■ SOURCE MATERIAL ■
-*-*-

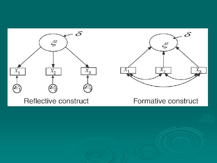 Background Ø LV and SEM models originate in psychological and educational applications, but widening range of applications, including clinical research Ø Latent variables (also called constructs, common factors etc. ) based on sets of different indicators (or instruments, items, raters, etc), as against replicate readings on the same indicator Ø Multiple indicators are observed measures of underlying latent variable or variables: hence “measurement model”
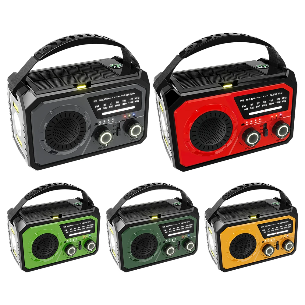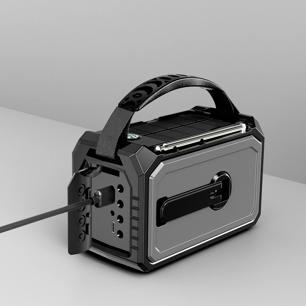 4.Características multifuncionales:Esta Radio Multifuncional ofrece múltiples opciones de carga (manivela, solar, USB3A), un
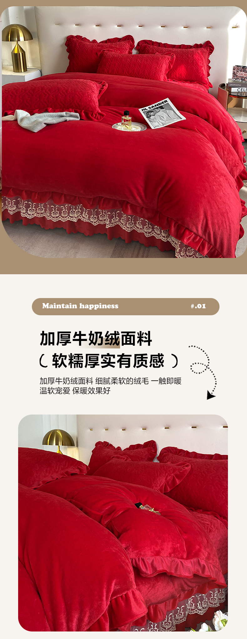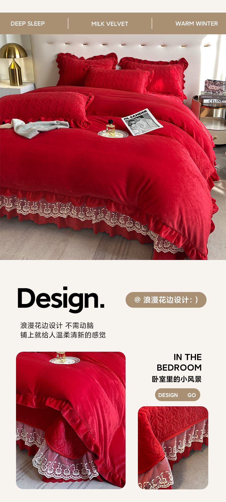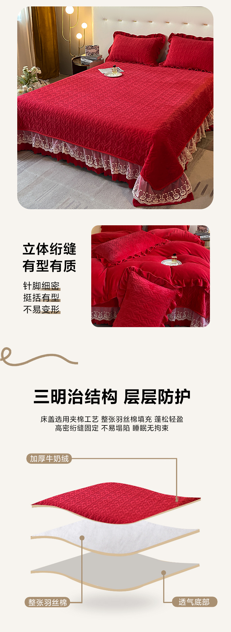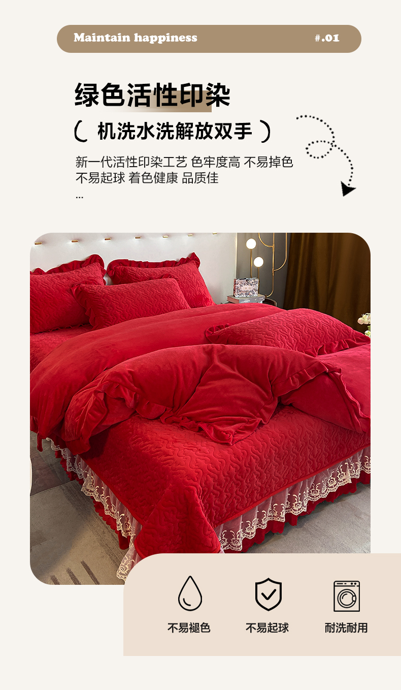 商品名称:畅畅家纺 2024新款冬季韩版花边蕾丝牛奶绒床盖四件套 大红

-*-*-

■ WORK ORDER ■
Produce the data again character for character, with the images left out.

■ WRITTEN ANSWER ■
 Background Ø LV and SEM models originate in psychological and educational applications, but widening range of applications, including clinical research Ø Latent variables (also called constructs, common factors etc. ) based on sets of different indicators (or instruments, items, raters, etc), as against replicate readings on the same indicator Ø Multiple indicators are observed measures of underlying latent variable or variables: hence “measurement model”
 4.Características multifuncionales:Esta Radio Multifuncional ofrece múltiples opciones de carga (manivela, solar, USB3A), un
 商品名称:畅畅家纺 2024新款冬季韩版花边蕾丝牛奶绒床盖四件套 大红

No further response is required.